**** Records for the task ****

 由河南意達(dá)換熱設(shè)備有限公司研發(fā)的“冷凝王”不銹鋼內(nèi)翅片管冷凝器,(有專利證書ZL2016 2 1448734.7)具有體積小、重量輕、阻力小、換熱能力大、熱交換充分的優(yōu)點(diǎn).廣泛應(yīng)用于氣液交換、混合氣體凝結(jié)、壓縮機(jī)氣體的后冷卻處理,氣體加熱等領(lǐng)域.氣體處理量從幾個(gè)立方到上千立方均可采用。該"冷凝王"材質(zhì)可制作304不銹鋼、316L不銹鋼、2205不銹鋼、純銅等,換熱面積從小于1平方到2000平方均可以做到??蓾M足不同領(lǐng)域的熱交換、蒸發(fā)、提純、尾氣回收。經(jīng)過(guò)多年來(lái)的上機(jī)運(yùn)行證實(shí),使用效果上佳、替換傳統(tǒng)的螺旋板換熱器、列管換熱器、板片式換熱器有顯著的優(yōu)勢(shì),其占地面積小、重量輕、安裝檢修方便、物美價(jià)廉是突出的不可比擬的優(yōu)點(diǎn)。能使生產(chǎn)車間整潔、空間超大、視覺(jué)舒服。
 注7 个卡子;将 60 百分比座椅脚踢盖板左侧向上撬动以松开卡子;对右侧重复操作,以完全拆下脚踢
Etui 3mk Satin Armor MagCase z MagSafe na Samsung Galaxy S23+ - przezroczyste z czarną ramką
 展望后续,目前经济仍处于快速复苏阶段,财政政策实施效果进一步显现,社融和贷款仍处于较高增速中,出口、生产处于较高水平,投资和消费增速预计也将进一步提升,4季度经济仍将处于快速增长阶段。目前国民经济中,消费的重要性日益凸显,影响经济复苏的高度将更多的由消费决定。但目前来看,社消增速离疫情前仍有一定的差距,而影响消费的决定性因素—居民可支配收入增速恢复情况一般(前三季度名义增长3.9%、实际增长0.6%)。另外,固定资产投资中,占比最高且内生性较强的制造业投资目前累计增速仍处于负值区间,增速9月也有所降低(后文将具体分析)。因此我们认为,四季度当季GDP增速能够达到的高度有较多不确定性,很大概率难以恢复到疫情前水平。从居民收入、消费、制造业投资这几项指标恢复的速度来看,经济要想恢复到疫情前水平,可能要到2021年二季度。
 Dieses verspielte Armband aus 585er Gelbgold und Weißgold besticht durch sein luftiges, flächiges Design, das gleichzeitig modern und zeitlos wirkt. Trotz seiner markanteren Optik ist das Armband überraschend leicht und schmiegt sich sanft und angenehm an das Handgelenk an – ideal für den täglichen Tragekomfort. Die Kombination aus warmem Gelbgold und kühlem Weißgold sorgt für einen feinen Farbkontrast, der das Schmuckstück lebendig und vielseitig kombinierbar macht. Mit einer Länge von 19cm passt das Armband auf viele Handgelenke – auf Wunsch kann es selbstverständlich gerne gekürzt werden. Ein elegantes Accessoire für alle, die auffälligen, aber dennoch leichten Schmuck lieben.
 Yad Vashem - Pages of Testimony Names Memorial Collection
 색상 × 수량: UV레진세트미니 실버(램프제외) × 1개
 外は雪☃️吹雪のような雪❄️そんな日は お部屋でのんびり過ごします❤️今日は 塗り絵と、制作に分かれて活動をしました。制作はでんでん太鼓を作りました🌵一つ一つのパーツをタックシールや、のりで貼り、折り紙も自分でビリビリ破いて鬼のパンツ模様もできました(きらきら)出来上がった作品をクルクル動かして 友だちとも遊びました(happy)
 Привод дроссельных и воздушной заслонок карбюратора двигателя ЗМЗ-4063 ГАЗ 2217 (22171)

****

**Exercise:**
Every entry above should be retyped exactly as it appears.

**Answer to the exercise:**
 由河南意達(dá)換熱設(shè)備有限公司研發(fā)的“冷凝王”不銹鋼內(nèi)翅片管冷凝器,(有專利證書ZL2016 2 1448734.7)具有體積小、重量輕、阻力小、換熱能力大、熱交換充分的優(yōu)點(diǎn).廣泛應(yīng)用于氣液交換、混合氣體凝結(jié)、壓縮機(jī)氣體的后冷卻處理,氣體加熱等領(lǐng)域.氣體處理量從幾個(gè)立方到上千立方均可采用。該"冷凝王"材質(zhì)可制作304不銹鋼、316L不銹鋼、2205不銹鋼、純銅等,換熱面積從小于1平方到2000平方均可以做到??蓾M足不同領(lǐng)域的熱交換、蒸發(fā)、提純、尾氣回收。經(jīng)過(guò)多年來(lái)的上機(jī)運(yùn)行證實(shí),使用效果上佳、替換傳統(tǒng)的螺旋板換熱器、列管換熱器、板片式換熱器有顯著的優(yōu)勢(shì),其占地面積小、重量輕、安裝檢修方便、物美價(jià)廉是突出的不可比擬的優(yōu)點(diǎn)。能使生產(chǎn)車間整潔、空間超大、視覺(jué)舒服。
 注7 个卡子;将 60 百分比座椅脚踢盖板左侧向上撬动以松开卡子;对右侧重复操作,以完全拆下脚踢
Etui 3mk Satin Armor MagCase z MagSafe na Samsung Galaxy S23+ - przezroczyste z czarną ramką
 展望后续,目前经济仍处于快速复苏阶段,财政政策实施效果进一步显现,社融和贷款仍处于较高增速中,出口、生产处于较高水平,投资和消费增速预计也将进一步提升,4季度经济仍将处于快速增长阶段。目前国民经济中,消费的重要性日益凸显,影响经济复苏的高度将更多的由消费决定。但目前来看,社消增速离疫情前仍有一定的差距,而影响消费的决定性因素—居民可支配收入增速恢复情况一般(前三季度名义增长3.9%、实际增长0.6%)。另外,固定资产投资中,占比最高且内生性较强的制造业投资目前累计增速仍处于负值区间,增速9月也有所降低(后文将具体分析)。因此我们认为,四季度当季GDP增速能够达到的高度有较多不确定性,很大概率难以恢复到疫情前水平。从居民收入、消费、制造业投资这几项指标恢复的速度来看,经济要想恢复到疫情前水平,可能要到2021年二季度。
 Dieses verspielte Armband aus 585er Gelbgold und Weißgold besticht durch sein luftiges, flächiges Design, das gleichzeitig modern und zeitlos wirkt. Trotz seiner markanteren Optik ist das Armband überraschend leicht und schmiegt sich sanft und angenehm an das Handgelenk an – ideal für den täglichen Tragekomfort. Die Kombination aus warmem Gelbgold und kühlem Weißgold sorgt für einen feinen Farbkontrast, der das Schmuckstück lebendig und vielseitig kombinierbar macht. Mit einer Länge von 19cm passt das Armband auf viele Handgelenke – auf Wunsch kann es selbstverständlich gerne gekürzt werden. Ein elegantes Accessoire für alle, die auffälligen, aber dennoch leichten Schmuck lieben.
 Yad Vashem - Pages of Testimony Names Memorial Collection
 색상 × 수량: UV레진세트미니 실버(램프제외) × 1개
 外は雪☃️吹雪のような雪❄️そんな日は お部屋でのんびり過ごします❤️今日は 塗り絵と、制作に分かれて活動をしました。制作はでんでん太鼓を作りました🌵一つ一つのパーツをタックシールや、のりで貼り、折り紙も自分でビリビリ破いて鬼のパンツ模様もできました(きらきら)出来上がった作品をクルクル動かして 友だちとも遊びました(happy)
 Привод дроссельных и воздушной заслонок карбюратора двигателя ЗМЗ-4063 ГАЗ 2217 (22171)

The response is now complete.